## EXERCISE PROMPT
Leaving the pictures aside, restate all of the data exactly.

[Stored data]
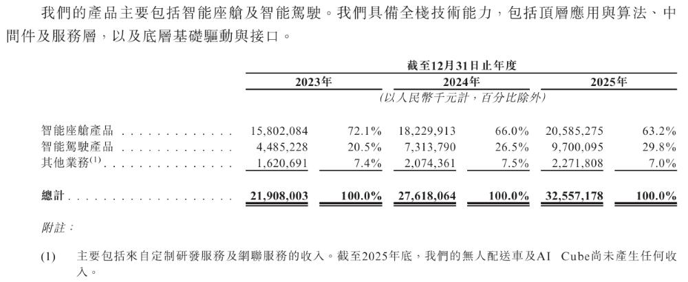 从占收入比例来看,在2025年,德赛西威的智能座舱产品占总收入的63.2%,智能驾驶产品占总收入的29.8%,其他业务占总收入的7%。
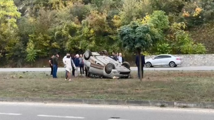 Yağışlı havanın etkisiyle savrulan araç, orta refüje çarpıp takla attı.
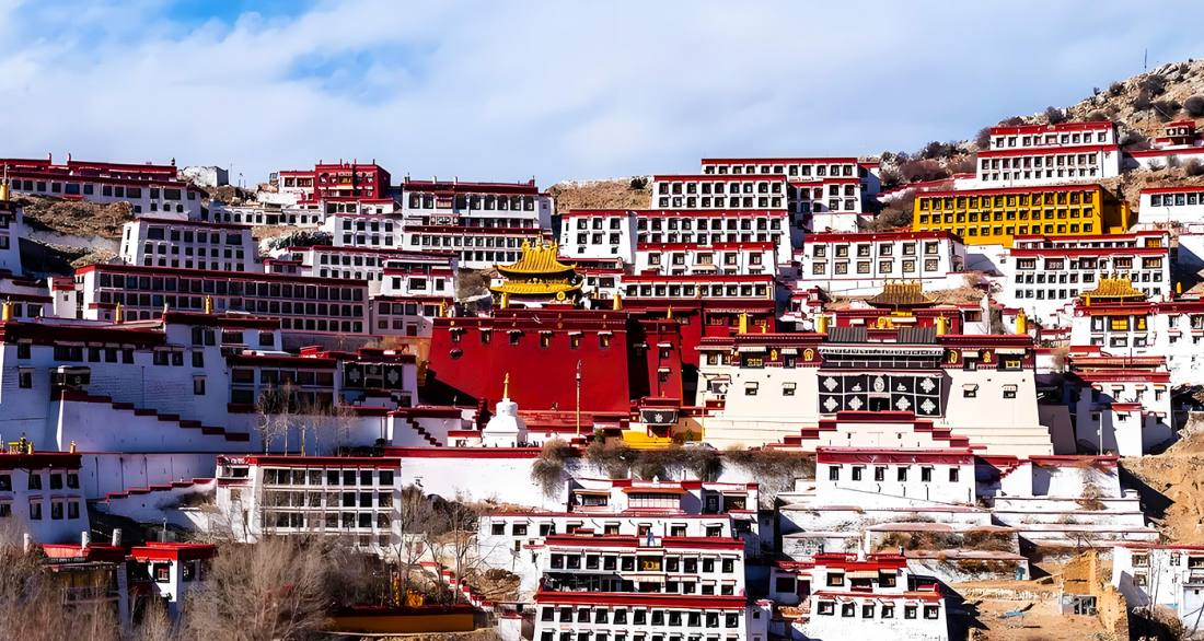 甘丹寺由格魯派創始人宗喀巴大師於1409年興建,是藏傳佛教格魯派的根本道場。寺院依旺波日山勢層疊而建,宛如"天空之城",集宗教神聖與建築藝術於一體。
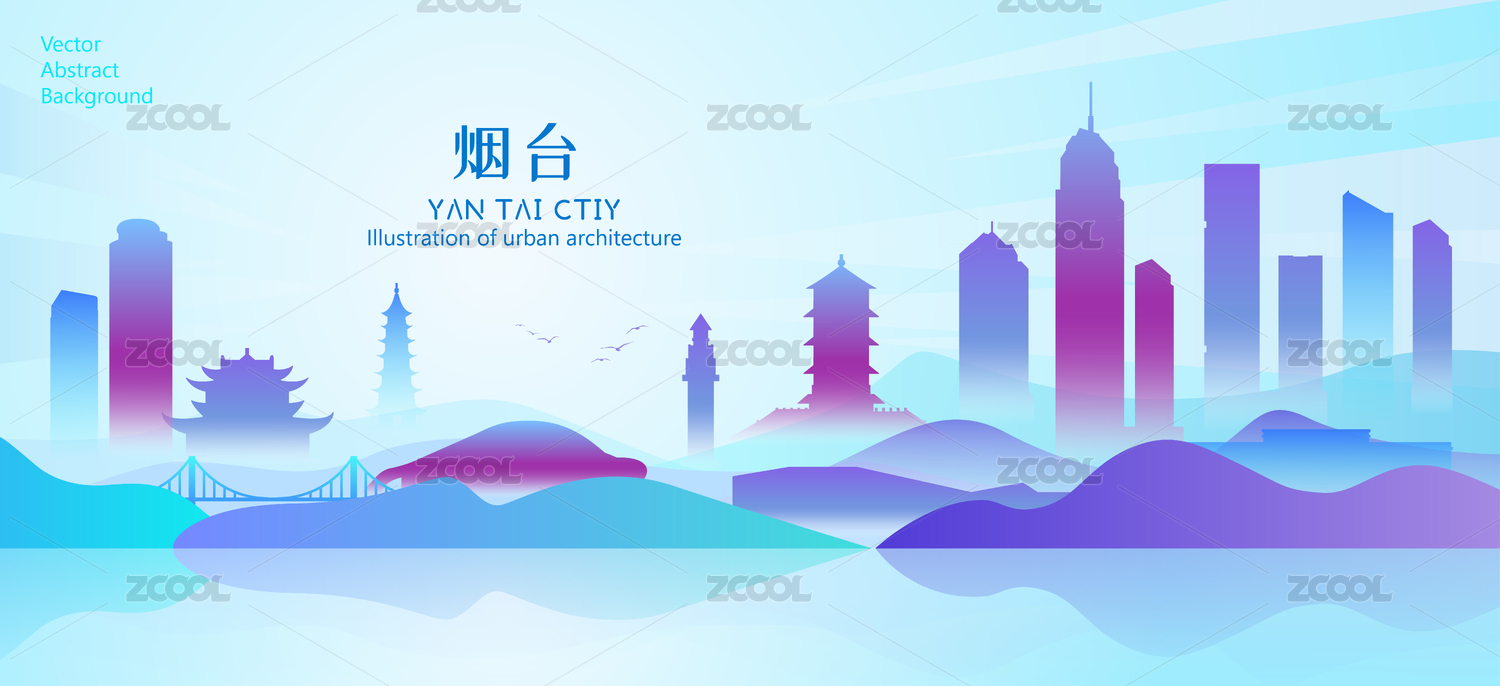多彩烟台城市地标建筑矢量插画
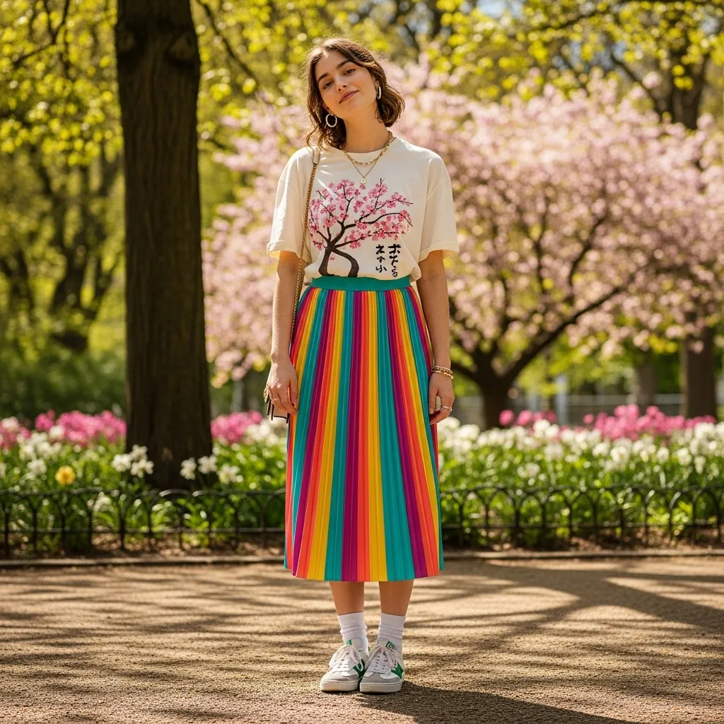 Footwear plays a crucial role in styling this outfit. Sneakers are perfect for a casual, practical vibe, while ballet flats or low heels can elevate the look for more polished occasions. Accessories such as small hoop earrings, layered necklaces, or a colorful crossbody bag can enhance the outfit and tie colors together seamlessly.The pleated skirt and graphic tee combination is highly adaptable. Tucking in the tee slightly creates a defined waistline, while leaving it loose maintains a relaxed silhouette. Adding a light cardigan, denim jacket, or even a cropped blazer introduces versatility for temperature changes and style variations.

## SOLUTION FOR THIS PROBLEM
 从占收入比例来看,在2025年,德赛西威的智能座舱产品占总收入的63.2%,智能驾驶产品占总收入的29.8%,其他业务占总收入的7%。
 Yağışlı havanın etkisiyle savrulan araç, orta refüje çarpıp takla attı.
 甘丹寺由格魯派創始人宗喀巴大師於1409年興建,是藏傳佛教格魯派的根本道場。寺院依旺波日山勢層疊而建,宛如"天空之城",集宗教神聖與建築藝術於一體。
多彩烟台城市地标建筑矢量插画
 Footwear plays a crucial role in styling this outfit. Sneakers are perfect for a casual, practical vibe, while ballet flats or low heels can elevate the look for more polished occasions. Accessories such as small hoop earrings, layered necklaces, or a colorful crossbody bag can enhance the outfit and tie colors together seamlessly.The pleated skirt and graphic tee combination is highly adaptable. Tucking in the tee slightly creates a defined waistline, while leaving it loose maintains a relaxed silhouette. Adding a light cardigan, denim jacket, or even a cropped blazer introduces versatility for temperature changes and style variations.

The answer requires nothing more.